Mr Scott Graham     

Head of Agriculture at Barker College in New South Wales, Mr Scott Graham is changing the way agricultural science is taught at secondary schools, by developing unique programs to engage students and emphasise the positive difference agriculture makes to society.

Mr Graham draws on 12 years of teaching experience to educate students about the importance of agriculture in Australia, and the employment opportunities in this scientific and business-driven field.

Under his leadership, student enrolments in agriculture at Barker College have tripled over the past seven years. The school has more than double the number of Year 12 agriculture students than any other school in Australia. Around 30 per cent of these students have gone on to pursue agriculture-related degrees at university level.

Watch a video about their work

[Music plays and the image shows a slide showing the Australian Government Crest, Prime Minister’s Prize for Excellence in Science Teaching in Secondary Schools medallion animated and turning, and the words 2021, Prime Minister’s Prize for Excellence in Science Teaching in Secondary Schools, and the name, Mr Scott Graham]

[Image changes to show a classroom of students looking at Scott Graham presenting, and the camera gradually zooms in on Scott Graham]
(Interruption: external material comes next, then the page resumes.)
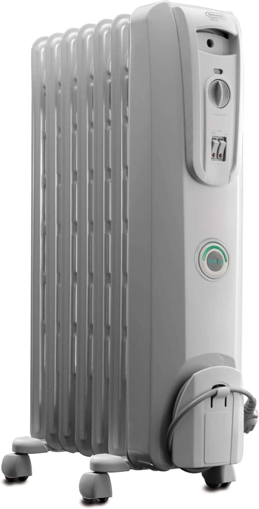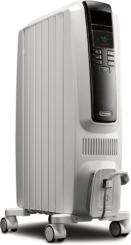 The De’Longhi Comfort Temp Full Room Radiant Heater provides smooth, gentle warmth without fan noise, making it ideal for bedrooms, living rooms, or study areas. Its oil-filled radiator fins deliver consistent heat retention, even after the unit powers down. Featuring Comfort Temp technology, the heater automatically adjusts power usage to maintain an optimal room temperature, reducing energy costs while preventing wasted output. The permanently sealed oil reservoir requires no refilling or maintenance, adding to long-term convenience. Multiple heat settings and an adjustable thermostat provide personalized comfort, while rounded edges keep children and pets safe from accidental contact. Built-in safety includes thermal shutoff and antifreeze mode to prevent freezing during colder climates. Smooth-glide caster wheels and a front carry handle allow easy mobility throughout the home. With reliable operation and whisper-quiet performance, this model is excellent for users who desire efficient whole-room heating without drying air or creating noisy distractions.

My name is Scott Graham and I'm the Head of Agriculture here at Barker College in New South Wales.

[Image changes to show a close view of Scott talking to the camera]

Barker College was founded over 130 years ago and Agriculture has been a subject ever since the beginning.

[Images move through of an aerial view looking down on sheep being drafted in yards, cattle running across a paddock, a ute moving through red dirt terrain, and then two people next to a ute]

However, in the mid-2000s the subject was almost shut down due to low demand for agriculture.

[Image changes to show a group of students standing in a paddock and listening to a teacher, and then the image changes to show a school group walking through a large warehouse]

One of the reasons for these low enrolments is students didn't have a clear understanding of all of the opportunities in agriculture, both rural and urban.

[Image changes to show Scott talking to the camera, and then images move through of an aerial view looking down on students leaving a bus on a farm, and then Scott pointing to a map while talking]

One of our strategies has been implementing programs and methods of teaching to allow students to see the bigger picture of agriculture, whether it be in the area of food security or climate change and how agriculture deals with that.

[Image changes to show a view looking down on a group of students in the bushland]

We want students to be involved in changing the way things are done.

[Image changes to show a view of an orchard just beginning to bud, and then the image changes to show Scott talking to the camera]

We've really changed the focus from why would you study agriculture to why wouldn't you study agriculture?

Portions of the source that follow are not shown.